Pneumonia vaccine in the age of COVID

A few days ago, I asked for and received the PCV-13 pneumonia vaccine, and a few days earlier, the flu shot. These vaccines are free if you are over 65, but you have to ask for them. PCV-13 is the milder of the pneumonia vaccines, providing moderate resistance to 12 common pneumonia strains, plus a strain of diphtheria. There is a stronger shot, with more side-effects. The main reason I got these vaccines was to cut my risk from COVID-19.

Some 230,00 people have died from COVID-19. Almost all none of them were under 20, and hardly any died from the virus itself. As with the common flu, they died from side infections and pneumonia. Though the vaccine I took is not 100% effective against event these 13 pneumonias, it is fairly effective, especially in the absence of co-morbidities, and has few side effects beyond stiffness in my arm. I felt it was a worthwhile protection, and further reading suggests it was more worthwhile than I’d thought at first.

It is far from clear there will be a working vaccine for SARS-CoV-2, the virus that causes COV-19. We’ve been trying for 40 years to make a vaccine against AIDS, without success. We have also failed to create a working vaccine for SARS, MERS, or the common cold. Why should SARS-CoV-2 be different? We do have a flu vaccine, and I took it, but it isn’t very effective, viruses mutate. Despite claims that we would have a vaccine for COVID-19 by early next year, I came to imagine it would not be a particularly good vaccine, and it might have side effects. On the other hand, there is a fair amount of evidence that the pneumonia vaccine works and does a lot more good than one might expected against COVID-19.

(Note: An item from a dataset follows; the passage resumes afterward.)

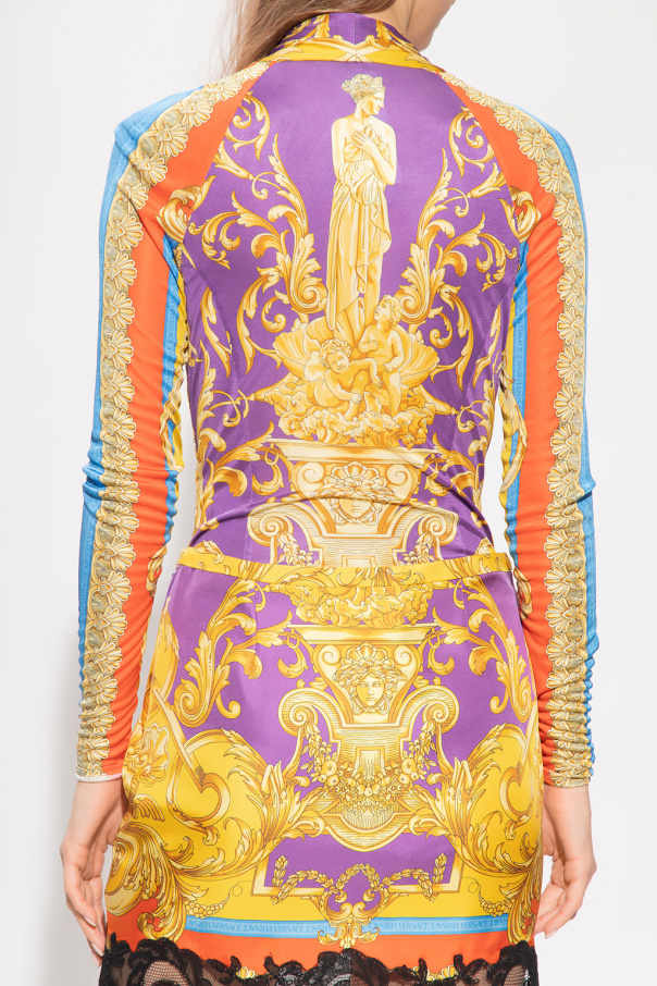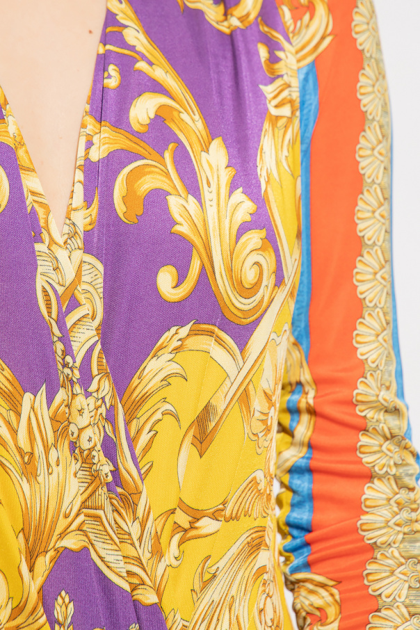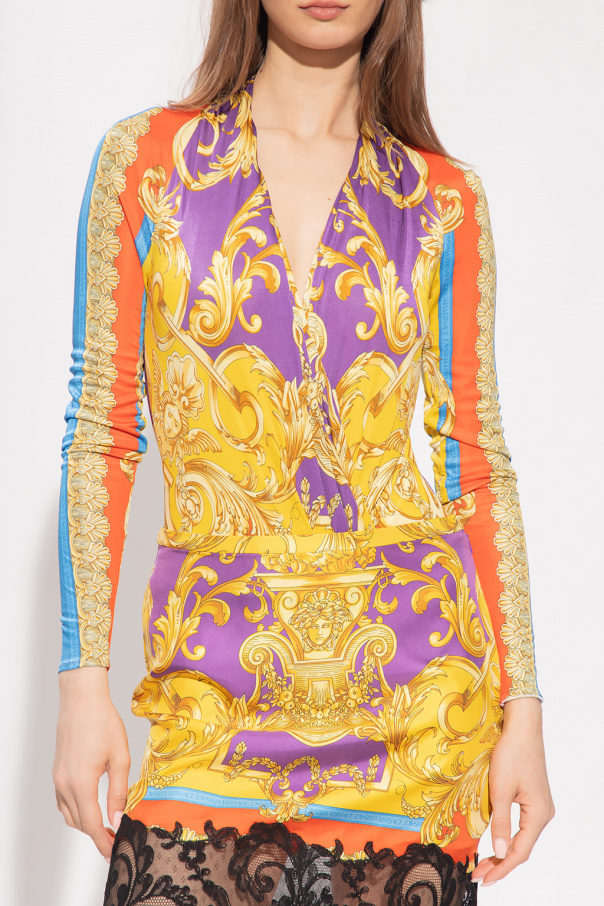 Multicoloured bodysuit from Versace. Boasting the brand's Barocco Goddess print, this style features a draped, plunging V-neckline, long sleeves and hook closures at the crotch.

A colleague of mine from Michigan State, Robert Root Bernstein, analyzed the effectiveness of several vaccines in the fight against COVID-19 by comparing the impact of COVID-19 on two dozen countries as a function of all the major inoculations. He found a strong correlation only with pneumonia vaccine: “Nations such as Spain, Italy, Belgium, Brazil, Peru and Chile that have the highest COVID-19 rates per million have the poorest pneumococcal vaccination rates among both infants and adults. Nations with the lowest rates of COVID-19 – Japan, Korea, Denmark, Australia and New Zealand – have the highest rates of pneumococcal vaccination among both infants and adults.” Root-Bernstein also looked at the effectiveness of adult inoculation and child inoculation. Both were effective, at about the same rate. This suggests that the the plots below are not statistical flukes. Here is a link to the scientific article, and here is a link to the more popular version.

An analysis of countries in terms of COVID rates and deaths versus pneumonia vaccination rates in children and adults. The US has a high child vaccination rate, but a low adult vaccination rate. Japan, Korea, etc. are much better. Italy, Belgium, Spain, Brazil, and Peru are worse. Similar correlations were found with child and adult inoculation, suggesting that these correlations are not flukes of statistics.

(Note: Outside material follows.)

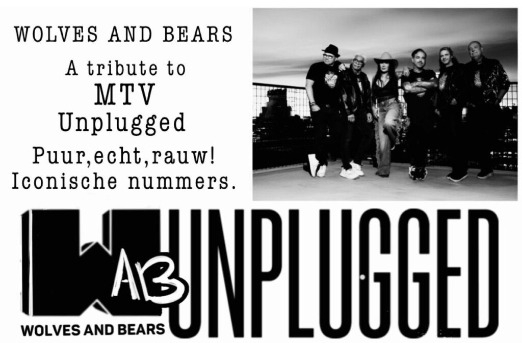Stel je voor: geen poespas, geen glitter and glamour, geen backing tracks, alleen pure, rauwe en eerlijke versies van de allerbeste MTV Unplugged-sessies ooit. Alanis Morissette, Bryan Adams,U2, Sting, Bon Jovi,Aerosmith iconische songs uit de 70, 80 , 90 jaren en natuurlijk hun eigen werk zoals I Bagus you, Only the wolves, Scum of the earth, Close to insanity en het wonderschone I’ll be okay, in een acoustics jasje. Allemaal in één onvergetelijke avond gebracht door WOLVES AND BEARS.

I decided to check up on Root-Bernstein’s finding by checking the state-by state differences in pneumonia vaccination rates — information available here — and found that the two US states that were hardest hit by COVID, NY and NJ, have among the lowest rates of inoculation. Of course there are other reasons at play. These states are uncommonly densely populated, and the governments of both made the unfortunate choice of sending infected patients to live in old age homes. At least half of the deaths were in these homes.

Pneumonia vaccination may also explain why the virus barely affected those under 20. Pneumonia vaccines was available only in 2000 or so. Many states then began to vaccinate about then and required it to attend school. The time of immunization could explain why those younger than 20 in the US do so well compared to older individuals, and compared to some other countries where inoculation was later. I note that China has near universal inoculation for pneumonia, and was very mildly hit.

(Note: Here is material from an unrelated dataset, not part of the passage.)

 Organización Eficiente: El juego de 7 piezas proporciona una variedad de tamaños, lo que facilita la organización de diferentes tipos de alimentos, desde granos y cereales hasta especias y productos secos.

I also took the flu shot, and had taken the MMR (measles) vaccine last year. The side effects, though bad, are less bad than the benefits, I thought, but there was another reason, and that’s mimicry. It is not uncommon that exposure to one virus or vaccine will excite the immune system to similar viruses, so-called B cells and T-cell immunity. A recent study from the Mayo Clinic, read it here, shows that other inoculations help you fight COVID-19. By simple logic, I had expected that the flu vaccine would help me this way. The following study (from Root-Bernstein again) shows little COVID benefit from flu vaccine, but evidence that MMR helps (R-squared of 0.118). Let men suggest it’s worth a shot, as it were. Similar to this, I saw just today, published September 24, 2020 in the journal, Vaccines, that the disease most molecularly similar to SARS-CoV-2 is pneumonia. If so, mimicry provides yet another reason for pneumonia vaccination, and yet another explanation for the high correlations shown above.

As a final comparison, I note that Sweden has a very high pneumonia inoculation rate, but seems to have a low mask use rate. Despite this, Sweden has done somewhat better than the US against COVID-19. Chile has a low inoculation rates, and though they strongly enforced masks and social distance, it was harder hit than we were. The correlation isn’t 100%, and masks clearly do some good, but it seems inoculation may be more effective than masks.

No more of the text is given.